As I was escorted into the Stratosphere elevator my heart rate felt fine – pulse was normal, my ears starting to pop with the change in elevation.

Soon I was standing at the 31st floor. As I looked up to an infinite spiral of metal, the theme song to Star Wars played in my head.

On the stairs, I ran into the route’s more regular climbers – a couple of the hooks and ladders men who were just doing their work out for the day. One of them had an oxygen tank on, another was listening to his iPod. Off they went like they were just going up the stairs to their house. I had a momentary thought of training with them then laughed it off. Climbing on all fours to get up to the top wouldn’t be pretty.

Already I could feel the shift in the air pressure. With every flight of stairs you ascend about 15 feet in height. While I was fine going up and down a couple of the stairs, when we went into the white flight of stairs on the top floor, it was all over. My normal heart rate went out the window, replaced by the huffing and puffing of intense exercise.

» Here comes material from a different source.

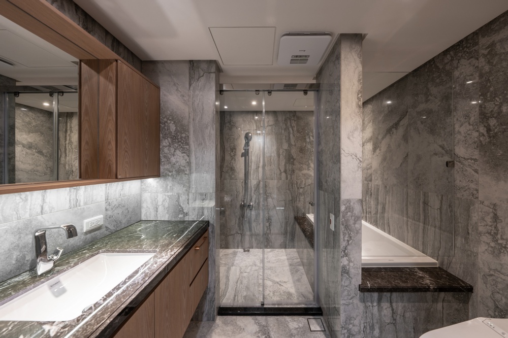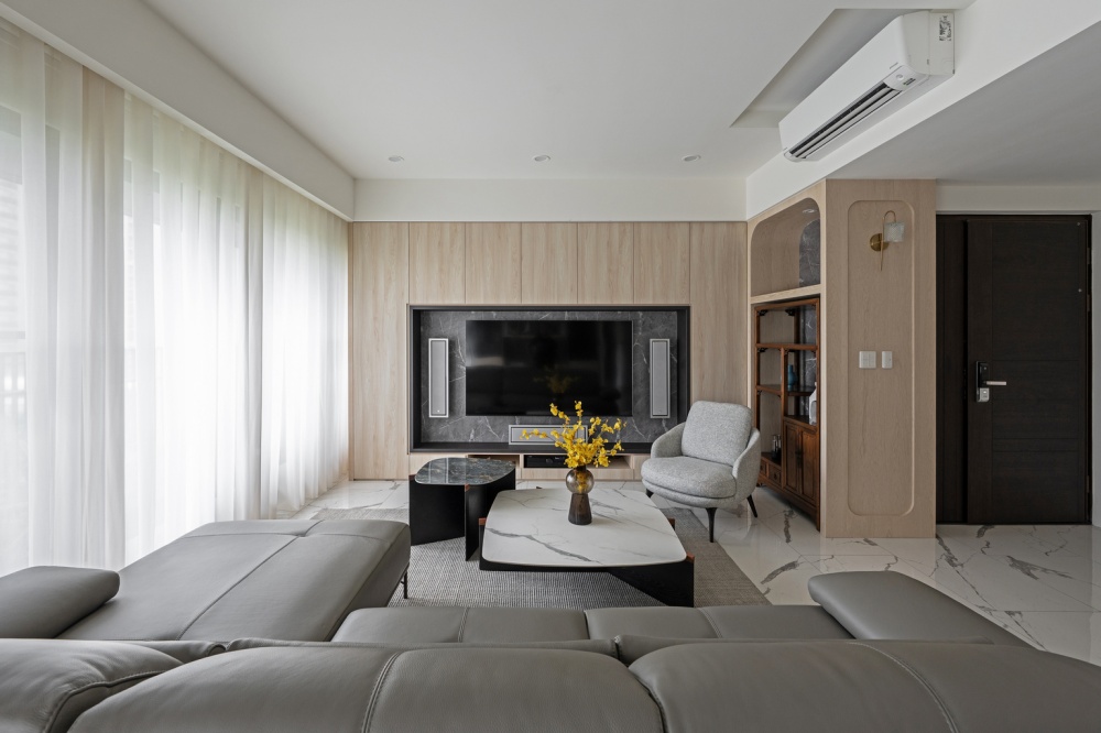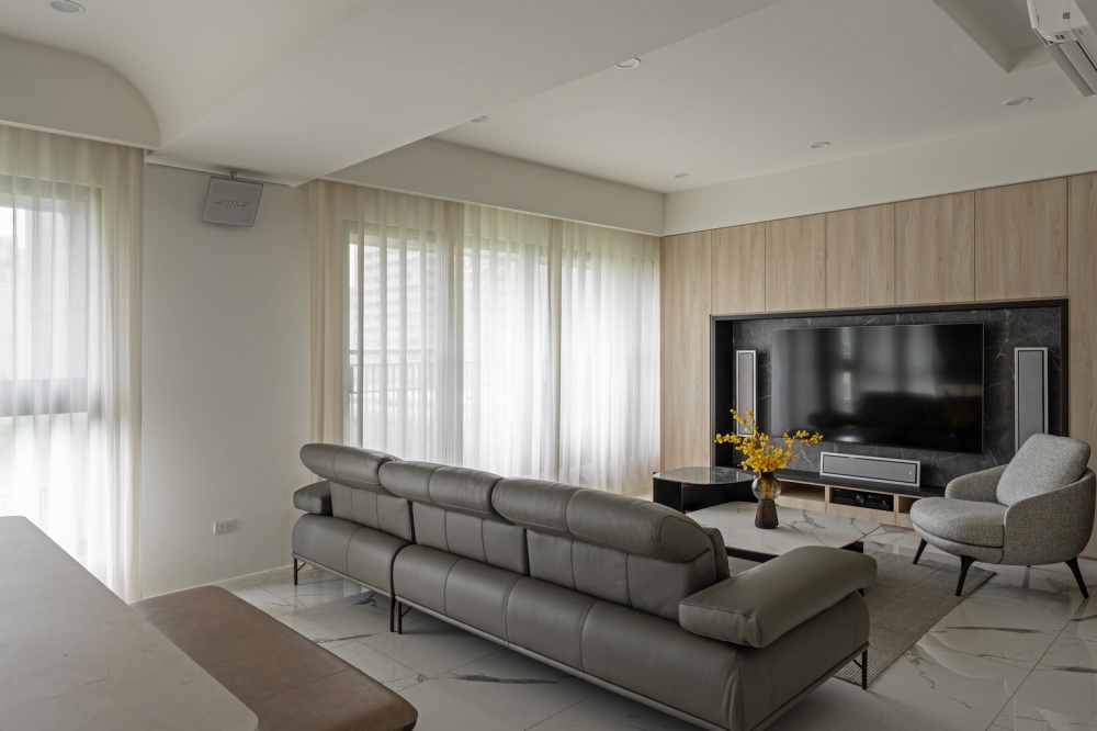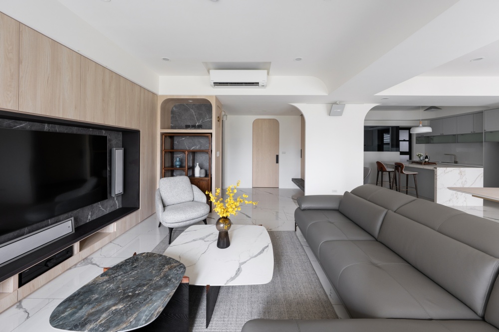 玄關以溫潤木皮門片結合深色大理石懸浮平台,形塑出沈穩迎賓的端景。由玄關延伸至客廳,弧形壁面自然引導動線,視覺上亦柔化空間界線。客廳電視牆以淺橡木皮包覆,內嵌深灰石紋板材,與地坪的白底灰紋磁磚相互呼應;搭配皮革沙發與布質單椅,建立出沉靜而具現代感的會客氛圍。

When you hit the white flight of stairs it means that you’re almost home free. In three-inch stacked heel boots I felt hindered, hobbled. I wanted to take them off and go faster, but it felt like someone was pulling my legs down. I held onto the rail as if playing tug-of-war. I was determined to finish the last flight, to make it to the very top. And soon there I was, but my heart was constricted as if it had hundreds of tight rubber bands wrapped around it. A sharp pain twisted in my lungs.

And then … the payoff.

The view from the Observation Tower was amazing, the Strip in miniature below. I can finally say that I’ve been inside the stairs of the Stratosphere, seen firefighters train and have no desire to wear my favorite boots again anytime soon. To the brave men and women who will be climbing this weekend, I say “good luck” and “may the force be with you.”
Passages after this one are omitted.